Overview of the Securities and Futures (Market Conduct) (Exemption for Stabilising Action in respect of Dealings in Notes) (No. 52) Regulations 2004, Singapore sl.

Statute Details

  • Title: Securities and Futures (Market Conduct) (Exemption for Stabilising Action in respect of Dealings in Notes) (No. 52) Regulations 2004
  • Act Code: SFA2001-S766-2004
  • Legislation Type: Subsidiary Legislation (SL)
  • Authorising Act: Securities and Futures Act (Cap. 289)
  • Enacting Authority: Monetary Authority of Singapore (MAS)
  • Power Used: Section 337(1) of the Securities and Futures Act
  • Commencement: 23 December 2004
  • Key Provisions: Section 2 (definitions); Section 3 (exemption)
  • Instrument Number: SL 766/2004
  • Status: Current version as at 27 March 2026 (per provided extract)

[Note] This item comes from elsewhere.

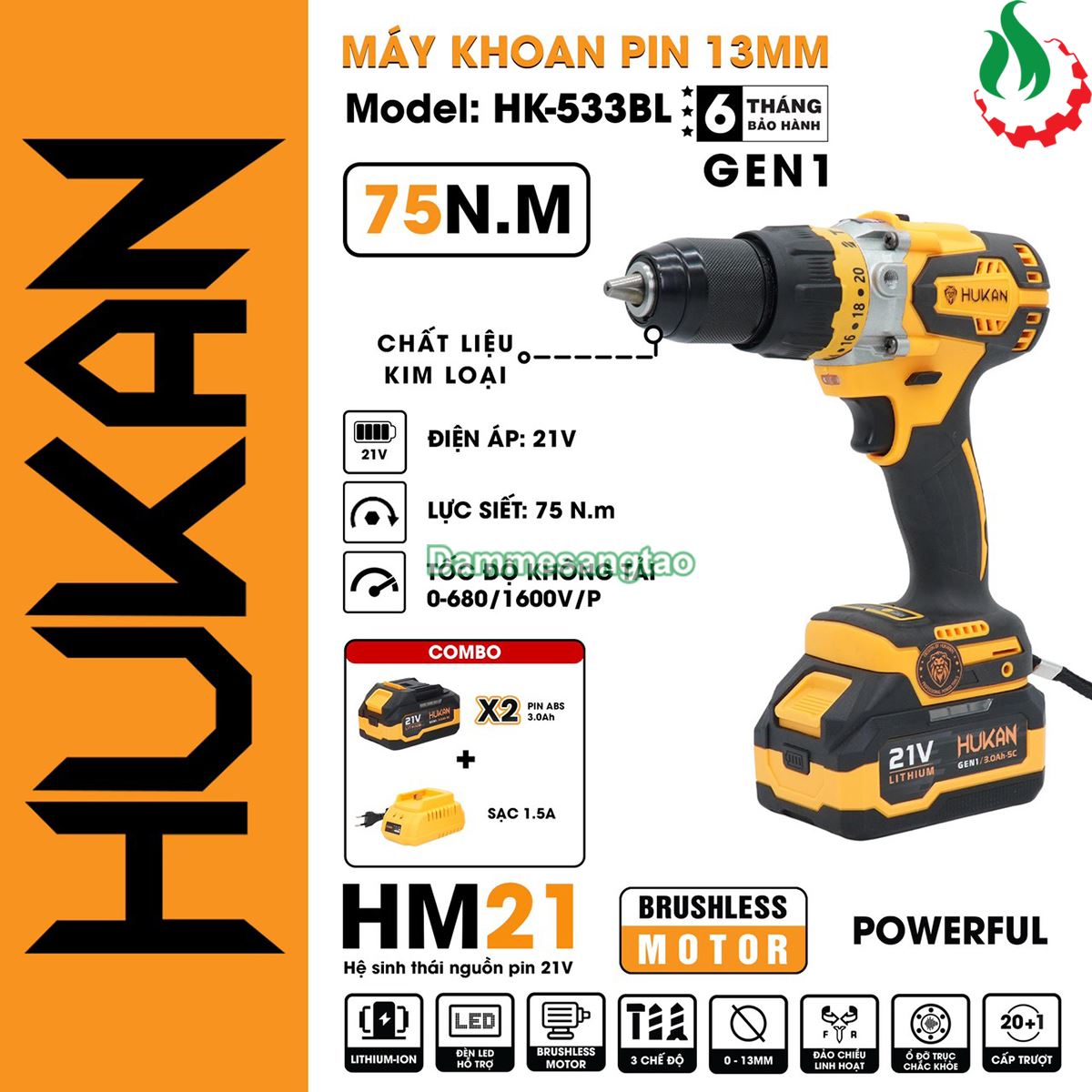 - Tên sản phẩm: Máy khoan pin HUKAN HK-533BL, Không chổi than, Lực siết 75Nm, 3 chức năng 13 ly, Có khóa trục

What Is This Legislation About?

The Securities and Futures (Market Conduct) (Exemption for Stabilising Action in respect of Dealings in Notes) (No. 52) Regulations 2004 (“Stabilising Action Exemption Regulations”) is a targeted regulatory instrument made under the Securities and Futures Act (SFA). In plain terms, it creates a limited exemption from certain market conduct restrictions when specific parties undertake “stabilising action” in relation to a particular bond issuance.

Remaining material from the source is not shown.